BMP growth factors stimulate chondrocyte and osteoblast differentiation, resulting in cartilage and bone formation [189]. Variants in the BMP2 gene could induce thoracic ossification of the ligamentum flavum in Han Chinese populations. Subsequently, the same authors showed, by functional analysis, that the BMP2 variants upregulate the BMP2 gene expression and promote osteogenic differentiation [175]. Also, a significant expression of BMP ligands and their receptors in ossified and chondrogenic regions has been noted in OPLL and thoracic ossification of the ligament flavum [178, 179].

In fibrodysplasia ossificans progressiva (FOP; OMIM#135100), the gain of function variants in the activin receptor A type 1 (ACVR1)/activin receptor-like kinase-2 (ALK2) gene, which encodes a BMP receptor type I, designated as ACVR1, causes dysregulation of BMP signaling with resulting ectopic endochondral ossification (Table 3) [177]. In FOP disease, the BMP signaling is dysregulated, keeping BMP signaling activated when it should be inactivated [176].

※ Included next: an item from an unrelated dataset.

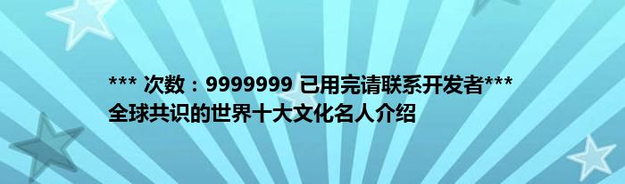 大家好,综合小编来为大家讲解下。*** 次数:9999999 已用完请联系开发者*** 全球共识的世界十大文化名人介绍这个很多人还不知道,现在让我们一起来看看吧!

Several evidences show that epigenetic modifications could also control TGFβ and BMP signaling pathways. For example, miR-133 targets RUNX2 and SMAD5 genes to inhibit osteogenesis induced by BMP2 [191]. RUNX2 is one of the main early BMP response genes essential for bone formation. Also, miR-30 family members target RUNX2 and SMAD1 genes to negatively regulate osteoblast differentiation induced by BMP2. Interestingly, the overexpression of miR-30 leads to a decrease in ALP activity, and the opposite increases its activity, showing that miR-30 could be an important regulator during the biomineralization process [192]. The binding of miR-542-3p to the BMP7 gene inhibits bone formation by suppressing osteoblast proliferation and differentiation induced by BMP7. However, the inhibition of miR-542-3p seems to promote the expression of osteoblast-specific genes and increase the activity of ALP and matrix mineralization [193]. On the contrary, the miR-20a is involved in promoting osteogenic differentiation by up-regulating BMP and RUNX2. The miR-20a targets negative regulators of BMP signaling, such as BAMBI, peroxisome proliferator activated receptor gamma (PPARγ), and cysteine rich transmembrane BMP regulator 1 (CRIM1) [194].